As mentioned in the previous blog, one of our day trips from Mavilette beach was north to Annapolis Royal. The area first had a strong presence of Mik’maq peoples then was inhabited by Europeans, mainly French, starting in 1605 at Port Royal, moved later and then eventually renamed in honor of Queen Anne in 1710 by the British who had taken it over. Only when Halifax was made the capital in 1749 did the town’s 150 years of being the Acadian then Nova Scotian capital come to an end.

The drive north gave the chance to snap quick photos of the many old homes along the way.

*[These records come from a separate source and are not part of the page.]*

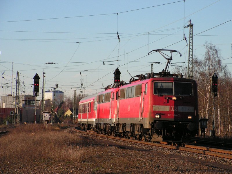 BR 111 144-2 rollt mit einer Übergabeleistung (BR 110.4 und Karlsruher Steuerwagen) am Nachmittag des 10.2.08 auf der KBS 380 in südlicher Richtung durch Nienburg (Weser).
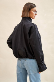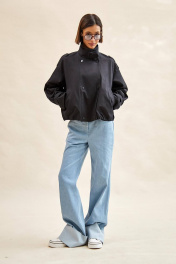 Куртка из джинса: - прямой силуэт; - спущенная линия плеча; - на подкладке; - спереди прямые рельефы; - застежка спереди на два ряда кнопок; - на плечевых швах погоны; - спереди карманы с листочкой; - воротник-стойка с патами, застегивающимися на прямоугольную пряжку; - рукава прямые двухшовные с патами по низу; - низ по спинке и по бокам оформлен сборкой; - на спинке аппликация с логотипом.
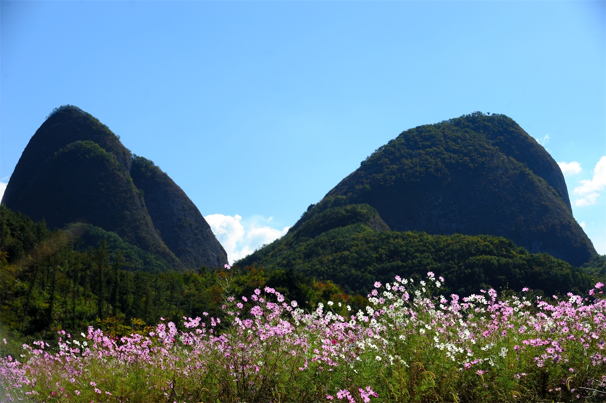 코스모스 만발한 북쪽 마이산의 가을 소경.
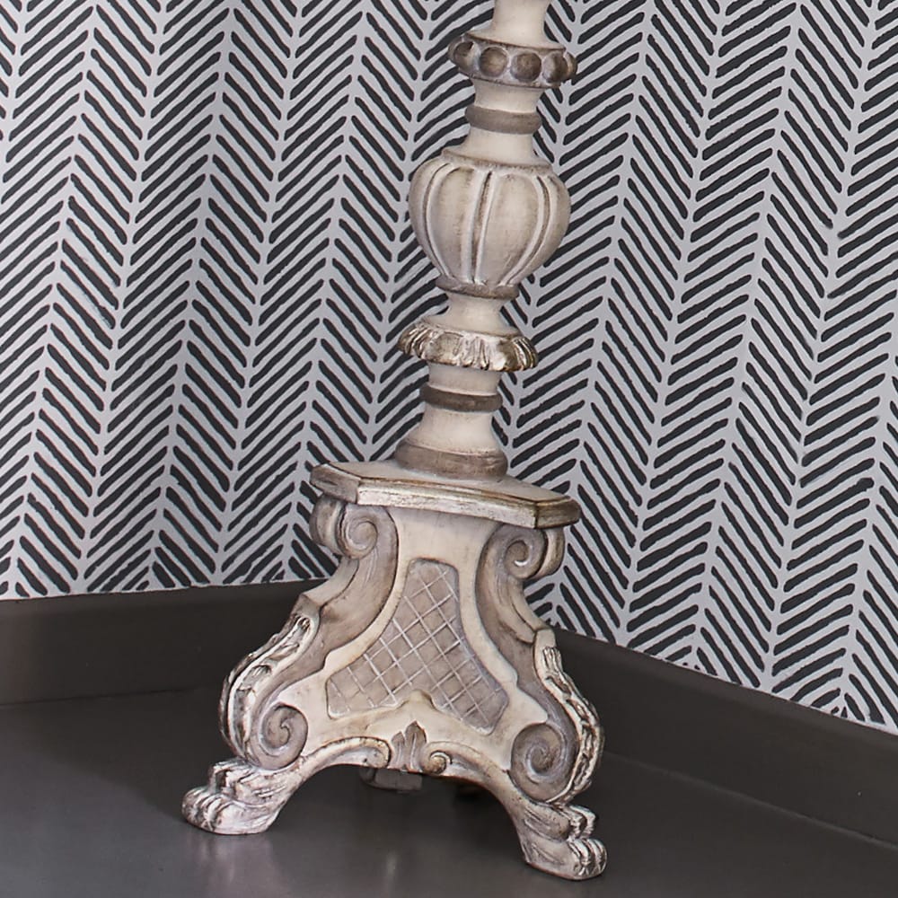 Designed in a classic style making its intricate carvings and painted detail its defining aspect. Shown here in an antique white painted finish, together with beautiful antiqued hand painted accents of silver and sand. Completed with a fresh pleated white shade. Height 180 cm x diameter 65 cm. Uses 1 x E27 max 60 watt bulb, not included. Also available to order in different colours, sizes, finishes and with different shades by request. Prices will vary.

In Annapolis Royal there are over a hundred historic buildings as well as a charming downtown historic district. We had a beer at Annapolis Brewing Company right across from Fort Anne and despite the drizzle I managed to check out some of the old home exteriors around. I was also impressed by the statue honoring Pierre Duggar, Sigurd de Mons, who founded the first permanent French settlement in Canada and who was Lieutenant General from 1603-1610. He faces the tidal basin in all his 17th century style for eternity

On the way back we stopped at a promising beach access road. The rocks were all a little sludgy and slippery but there were ones of interest to Jim. He and Chloe ventured over those rock cliffs where unfortunately he fell and scraped his hand. I was too afraid of turning an ankle to go far. On the way out we came across the couple who own the land the dirt road road abuts. They were very nice and gave us some good tips to find beaches with sand where the dogs could run.

Rainy views of tidal marshes on the way back reminded me a bit of my hometown in Gloucester, MA.